Research publication by pharmacist authors in major medical journals: changes over a 10-year interval.

Pharmacotherapy 2008 May;28(5):584-90

Department of Pharmacy Practice, College of Pharmacy, University of Illinois at Chicago, Chicago, Illinois, USA.

Study Objective: To determine the degree to which pharmacists were involved in major clinical research publications in 1993 and 2003, and to compare the difference in publication rates by pharmacists between these 2 years.

Design: Retrospective analysis.

Data Source: Thirty-seven medical journals that had high readership, had a focus on original research, were clinically oriented, and were highly regarded by the research community.

Measurements And Main Results: Selection of the medical journals was first determined by those having the highest impact factors. Then journals with regular publication of original clinical research and listings of authors' degrees or licensure were included.
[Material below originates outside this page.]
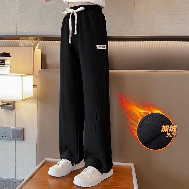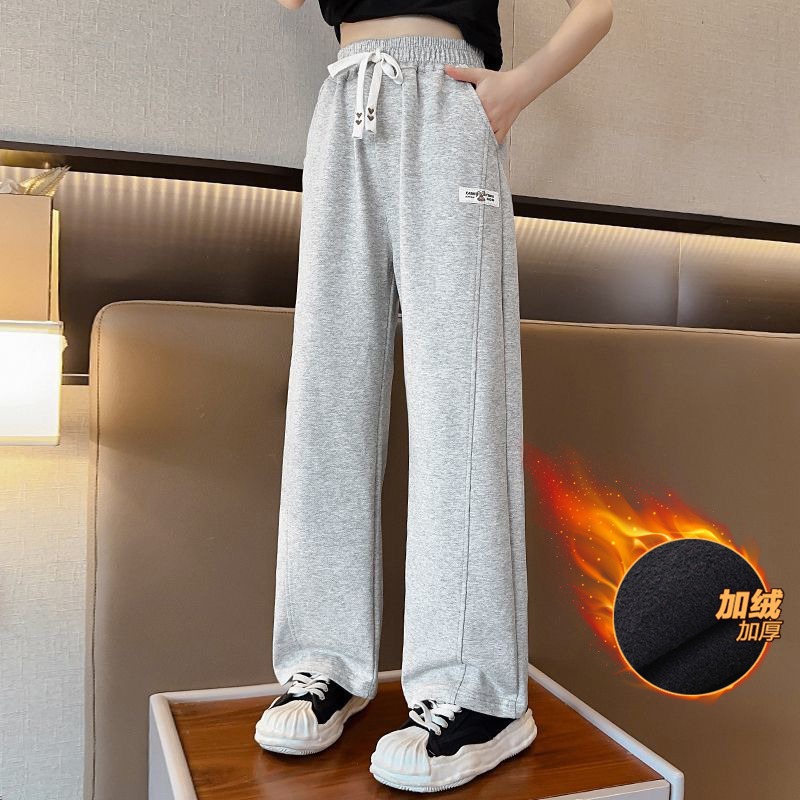 소녀 바지 겨울 2024 새로운 두꺼운 원피스 벨벳 유행 넓은 다리 바지 어린이 유행 기모 캐주얼 바지

All original research articles in these journals were reviewed for both 1993 and 2003. The primary outcome was the presence of a pharmacist as an author of one of their research articles in each of those 2 years. For those articles, the following data were collected: study subjects, study design, authors' affiliations, source of research funding, and position of author (first and/or corresponding). The primary outcome was analyzed by using multivariate logistic regression analysis. Other outcomes were compared between 1993 and 2003 by using a chi(2) test. The number of clinical research articles identified was 8127 in 1993 and 8793 in 2003. The median (mean, interquartile range) number of authors/article increased from 5 (5.3, 3-7) in 1993 to 6 (6.6, 4-8) in 2003 (p<0.01). There were 191 pharmacist-authored papers (2.4%) in 1993, compared with 271 (3.1%) in 2003, for a relative increase of 29.2%. Adjusting for the increase seen in the number of authors during that period, the odds ratio that a pharmacist was an author in 2003 compared with 1993 was 1.26 (95% confidence interval 1.04-1.53). Most (94.2%) pharmacist-authored papers described studies involving human subjects. The proportion of clinical pharmacists (but not the number) serving as the primary author declined over time, from 36.6% (70/191) in 1993 to 27.3% (74/271) in 2003 (p=0.041). The most frequent funding sources were industry (from 38.2% in 1993 to 39.5% in 2003) and federal (from 25.1% in 1993 to 31.4% in 2003); however, the differences were not statistically significant.

Conclusions: An increase was noted in the proportion of publications involving pharmacists as an author in major medical journals in 2003 compared with 1993. Pharmacists must continue to be active in clinical research, with adequate training and funding remaining significant obstacles.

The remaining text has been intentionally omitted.